With brisk sales for the one-time event, and with prices reaching almost $200, Kashua already detects signs that the most innovative and popular American comic of the day is selling out the Arabs: he first announced his Israel concert on the Howard Stern radio show, Howard Stern whom Kashua calls “the shallow racist who thinks that if he were Israel he’s have eliminated all the citizens of Gaza in five minutes. Who claims that the Jews arrived at a totally empty place, that there were no inhabitants in that desert.”
Kashua sees the Louis C.K. visit as far more than a cultural event — to him this is a political event which legitimizes Israel’s policy, especially in Jerusalem, although the Pais Arena, where the concert is scheduled to take place, is just inside the ancient “green line” separating the pre- and post-1967 eternal city.
Kashua declared that he is suspending his binge watching of the Louis C.K. hit online for-pay series Horace and Pete until after the comic’s short tour of the holy land. “Only if he causes a political scandal that will dominate the local and world press, will I forgive him,” Kashua vowed. “And not something about a regional peace and a hope for equality, but the kind of criticism that would force the state leaders to enact anew law that bans the entry of artists who support free speech.”
Until then, Kashua promises, Louis C.K. can forget about his next three bucks.

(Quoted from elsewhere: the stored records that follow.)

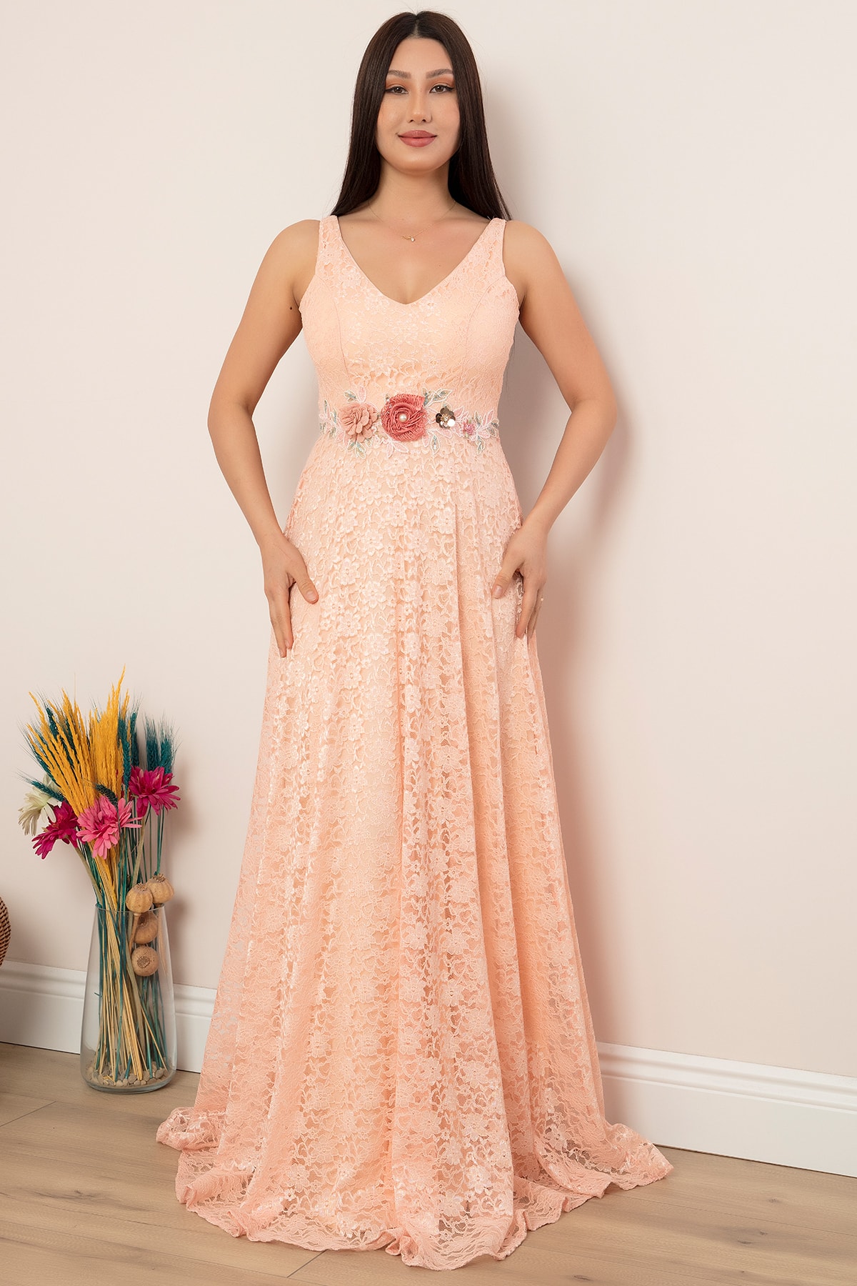 Varna 13102 Beli Çiçekli Dantel Elbise Varna 13102 Beli Çiçekli Dantel Elbise 19Y69060U13 42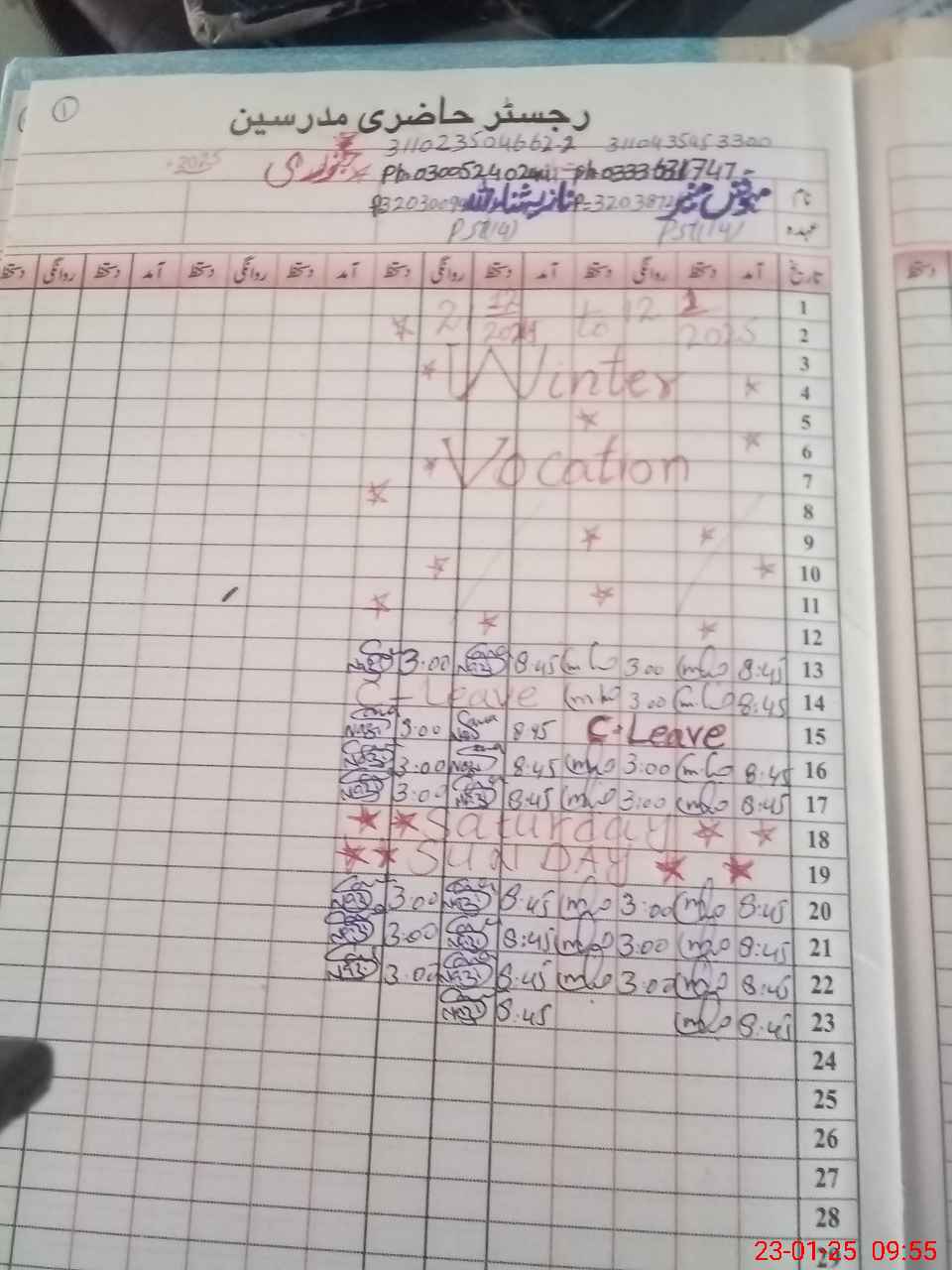 | CNIC | Full Name | Designation | R/C | Absence During Last Calender Month |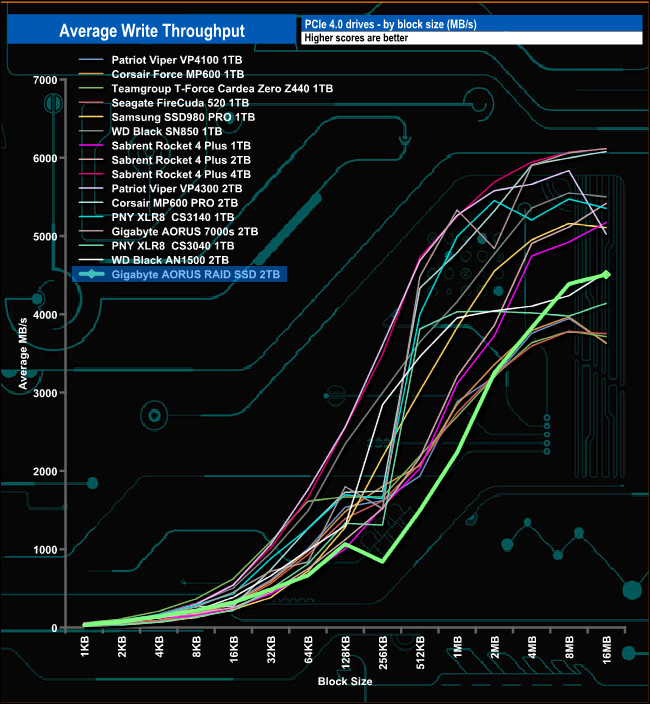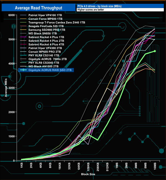 While the AORUS RAID SSD can't keep up with the latest 2nd generation PCIe Gen 4 drives, it outperforms a good number of the first-generation drives in both our throughput tests.

Sayed Kashua was born in the Arab Israeli town of Tira. After a successful career as columnist for Ha’aretz and screenwriter for Israel TV (“Arab Labor”), in which he examined honestly and humorously his ambivalence as a successful Arab intellectual in Israel’s Jewish society, Kashua moved to Chicago, Illinois, with his wife and three children, to teach at the University of Chicago, as well as at the University of Illinois at Urbana–Champaign.